Die geräumige Kammer ist für die meisten Nutzer ein großer Vorteil, besonders für alle, die vom Rauchen aufs Vaporisieren umsteigen. Mit bis zu 0,25 g Füllmenge liefert der Trippy 2 intensive, befriedigende Sessions, ohne das Gefühl, zu kurz gekommen zu sein – ein Gefühl, das den Umstieg oft begleitet. Wer weniger braucht, verkleinert die Kammer einfach mit dem zusätzlichen Glasfüller.

Das unauffällige Äußere ist ein weiterer Pluspunkt.

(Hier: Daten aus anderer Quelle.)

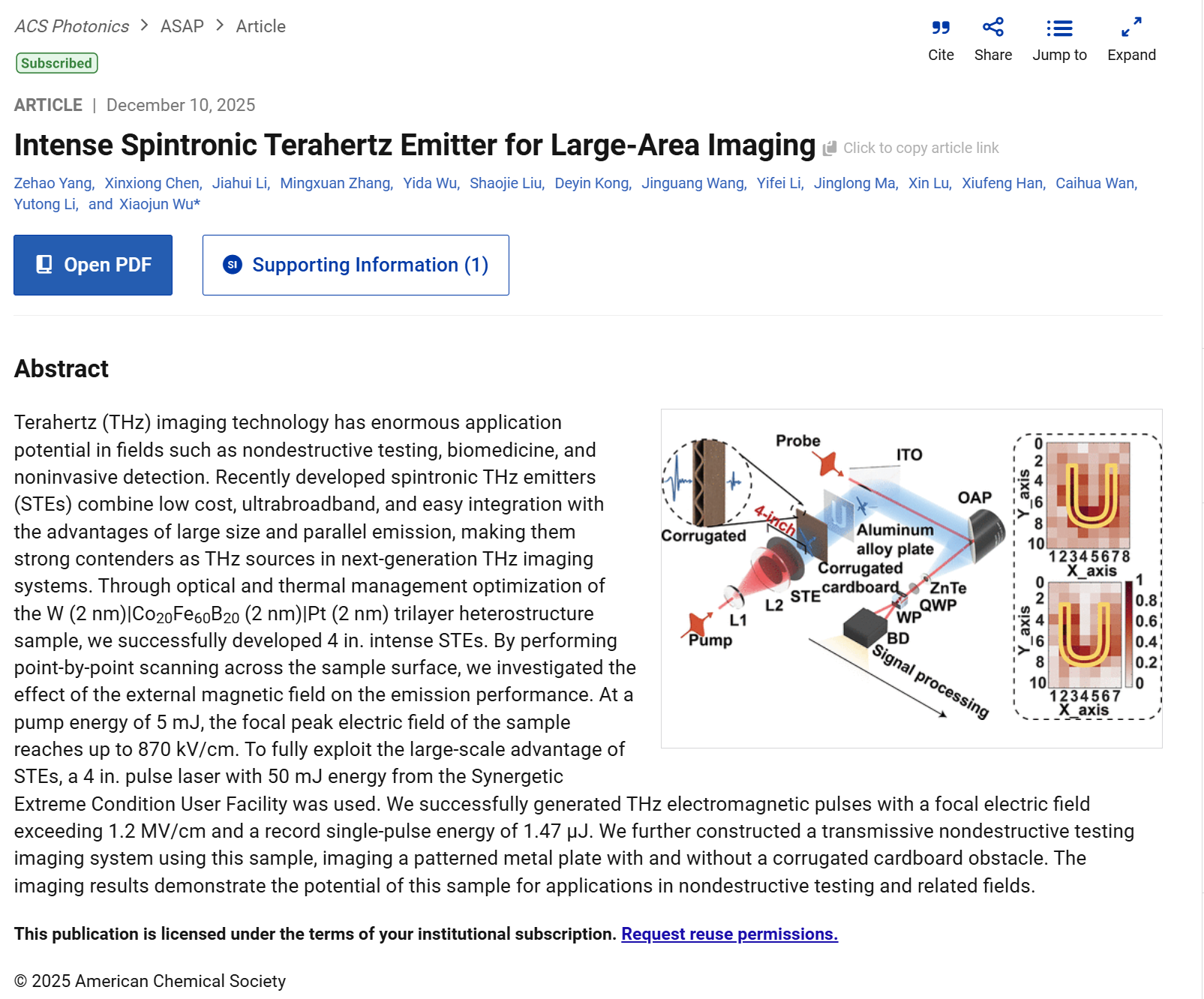 Recently, Professor Wu Xiaojun's team from Beihang University published a research paper titled "Intense Spintronic Terahertz Emitter for Large-Area Imaging" in the high-level journal ACS Photonics, under the American Chemical Society (ACS).
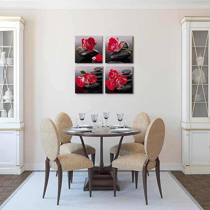 Yxbhhym-Black Red Canvas Wall Art Bedroom Stones Zen Wall Decor Rose Pictures Floral Poster print Spa Bathroom Wall Art for Living Room Decoration Kitchen Accessories Room Decor Framed Artwork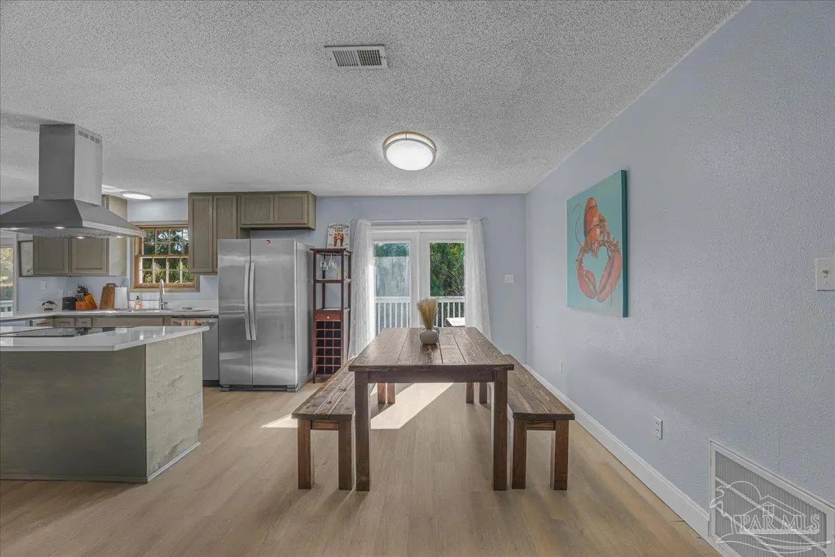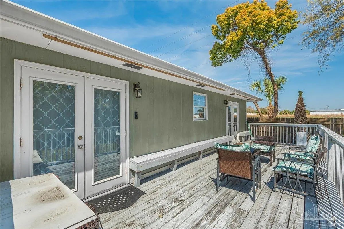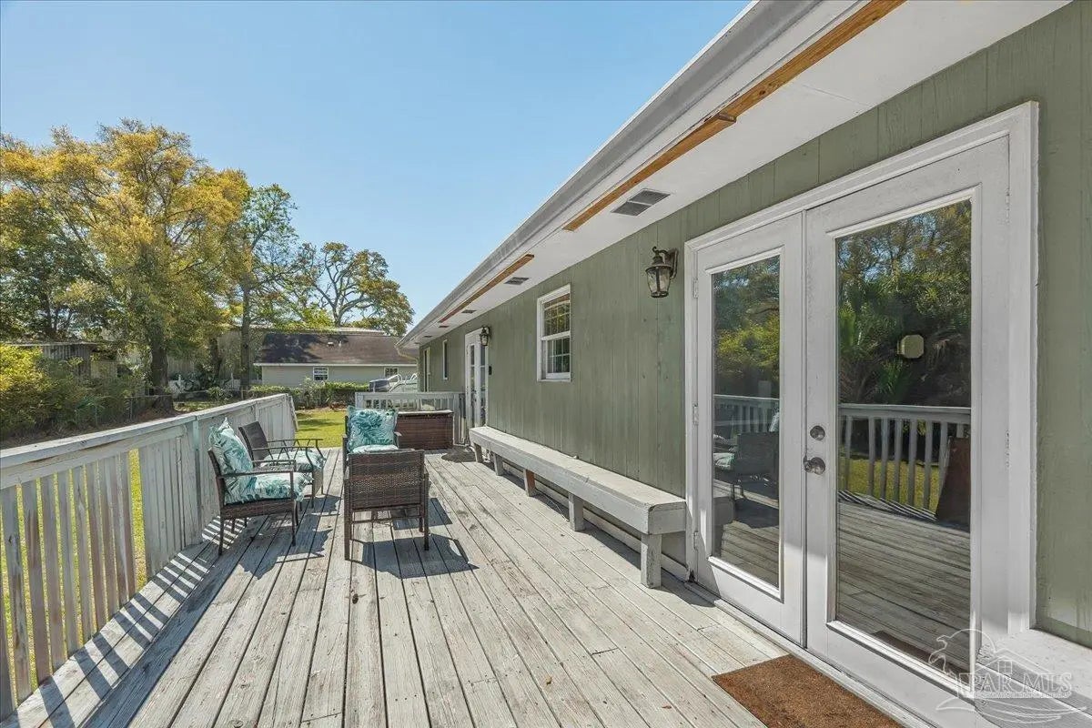 Exciting chance to reside in the sought-after Waterfront Community of Sanders Beach, just minutes away from the vibrant Downtown Pensacola, Maritime Park, and the myriad offerings of the city center. This residence holds significant potential as an ideal AIRBNB, with the option to come fully furnished. Currently situated merely two blocks from the Pensacola Yacht Club and the Sanders Beach Community Center along Pensacola Bay, this home boasts proximity to a community Waterfront Park featuring a playground, picnic tables, and water access for paddleboarding and kayaking. The well-maintained property is positioned at the end of I street on a 90x125 lot, covering .26 of an acre, providing a private and serene setting with ample space for an RV and boat. It is on a double lot, so there is potential to construct a second home on the right side of the existing dwelling, as the street curb already features a flat drive area. The current home is move-in ready, offering 3 bedrooms and 2 baths, with the roof installed in the spring of 2021. The HVAC unit was replaced in 2026. Other recent enhancements include new subfloor/insulation beneath the home (2026). The bathrooms were also updated in 2022. Throughout the residence, updated flooring adds a touch of elegance. The layout includes two sets of French doors leading to a spacious deck with built-in seating, perfect for entertaining. The kitchen has recently been updated with new appliances (2026), custom cabinets, and features a window overlooking the secluded backyard. Seize this opportunity to live in one of Downtown's most desirable neighborhoods.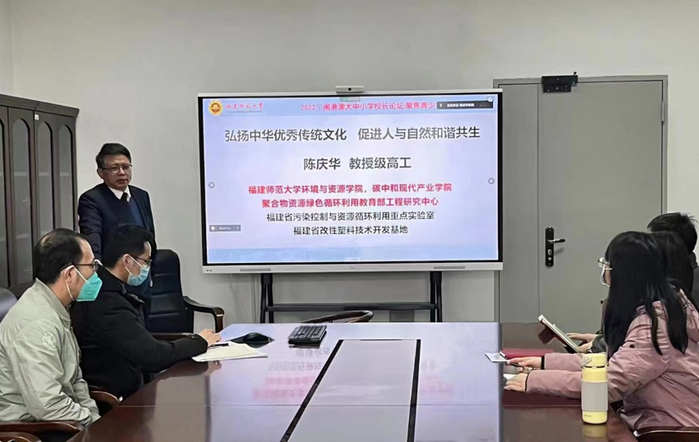 12月17日,副校长陈庆华教授为环境与资源学院、碳中和现代产业学院师生讲授题为《聚焦青少年社会责任教育——弘扬中华优秀传统文化促进人与自然和谐共生》的思政课,宣讲党的二十大精神。资环系教工党支部全体党员在现场聆听了课程,全院学生党员、师生代表等200余人以线上形式参加了宣讲活动。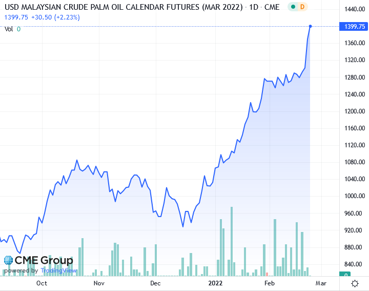 23 февраля мартовские фьючерсы на пальмовое масло на Малазийской товарной бирже впервые пересекли уровень 6000 MR/т (1433,52 доллара США) на фоне роста цен на энергоносители, проблем с поставками растительного масла и резкого ночного ралли на соевое масло CBOT сообщает oilworld.ru со ссылкой на S&P Global Platts.

Der Trippy 2 zieht in der Öffentlichkeit keine Blicke auf sich, wodurch du ihn praktisch überall nutzen kannst. Das minimalistische, von der PAX-Serie inspirierte Design ist ästhetisch und elegant und verrät gleichzeitig nicht, wozu das Gerät dient. Dazu erlauben vier Farbvarianten, das Gerät dem eigenen Stil anzupassen.

Einfache und bequeme Reinigung ist beim Trippy 2 ebenfalls ein sehr wichtiger Vorteil. Der komplette Dampfweg lässt sich herausnehmen. Mit der Reinigung kommt selbst ein Einsteiger in wenigen Minuten klar!

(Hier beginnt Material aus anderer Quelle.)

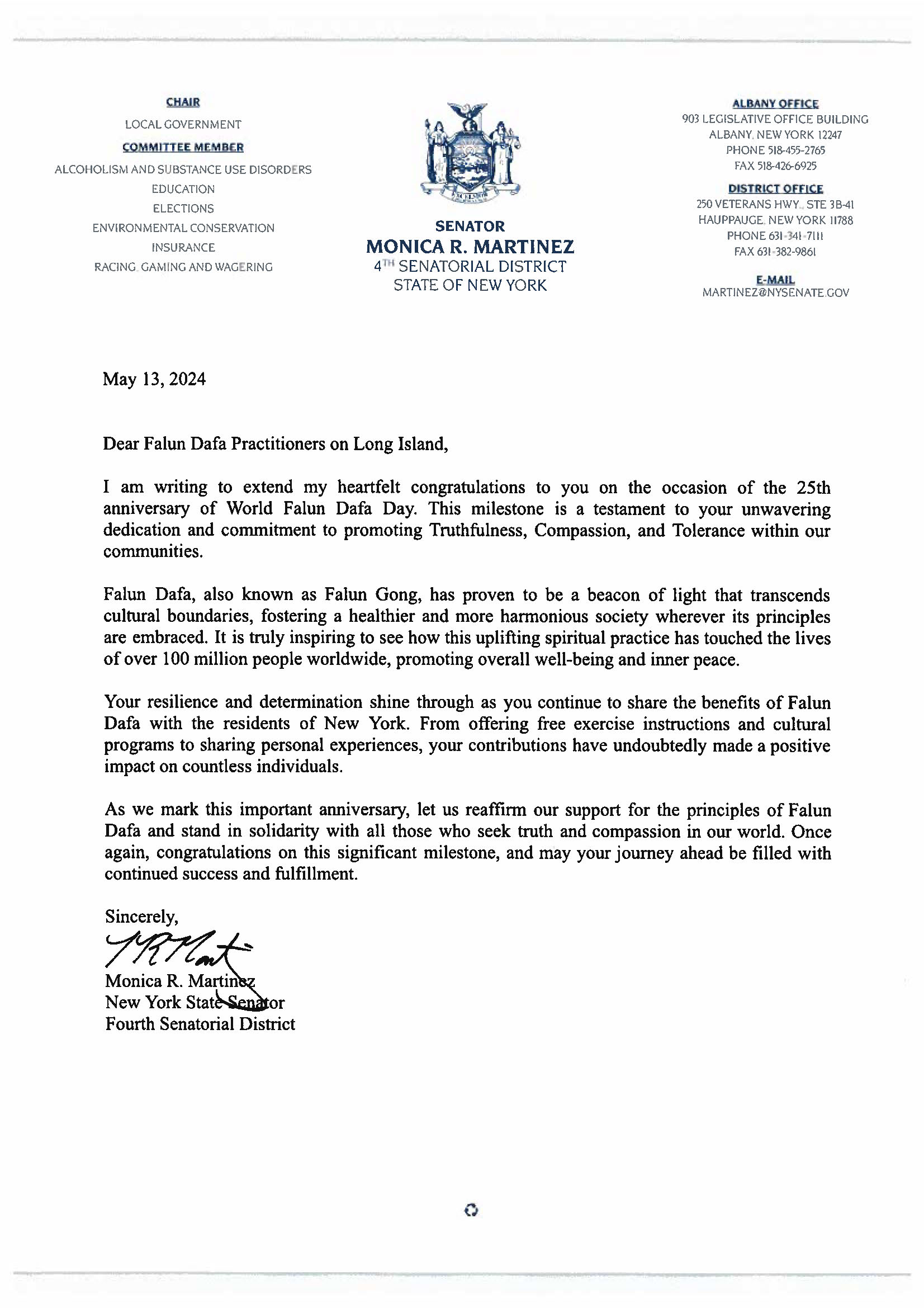 纽约州第4选区参议员、地方政府委员会主席莫妮卡‧马丁内斯(Monica R. Martinez)发来贺信,祝贺法轮大法日。

Trippy 2 by High Labs – Tragbare Vaporizer - Vorteile und Mängel

Vorteile
  • Reiner Geschmack und hochwertige Dampferzeugung
  • Große Akkukapazität für lange Sitzungen ohne Unterbrechungen
  • Schnelles Aufladen verkürzt die Wartezeit
  • Optimale Temperatureinstellungen für zufriedenstellenden Dampf von der ersten Anwendung an
  • Einfaches Reinigungssystem für mühelose Pflege des Geräts
  • Einfache Bedienung mit nur zwei Tasten
  • Robuste Konstruktion für Haltbarkeit und Sicherheit im Alltag
  • Problemlose Nutzung ohne Notwendigkeit, das Kraut umzurühren
  • Keramik-Heizkammer für natürlichen Geschmack
  • Kompakte Größe und leichtes Design für einfache Tragbarkeit und Diskretion
  • Intuitives haptisches Feedback zeigt die Einsatzbereitschaft und das Ende der Sitzung an
  • Lange Garantie sorgt für Sicherheit beim Kauf
Nachteil
  • Kein Display zur Anzeige der genauen Temperatur
  • Begrenzte Anzahl an Temperatureinstellungen, keine vollständige Kontrolle möglich
  • Eingebauter Akku, nicht vom Nutzer austauschbar
  • Dampf kann bei längeren Sitzungen recht heiß sein und erfordert Eingewöhnung

Der Dampfweg aus Glas ist zwar ein großer Vorteil, birgt aber das Risiko eines Bruchs, wenn dir das Gerät herunterfällt. Glas ist ein sprödes Material, also lohnt sich etwas Vorsicht – bei einem Bruch musst du den gläsernen Dampfweg ersetzen.

Die größere Kammer (0,2-0,25 g) kann für Microdosing-Fans ein Nachteil sein. Der Trippy 2 ist nicht die optimale Wahl, wenn du sehr kleine Mengen nutzen möchtest, denn für die besten Ergebnisse braucht er mindestens 0,2 g Material. Aber nichts ist verloren! Es gibt einen größeren Kammerfüller, der das optimale Volumen senkt. Damit lassen sich dann auch deutlich kleinere Dosen effektiv nutzen.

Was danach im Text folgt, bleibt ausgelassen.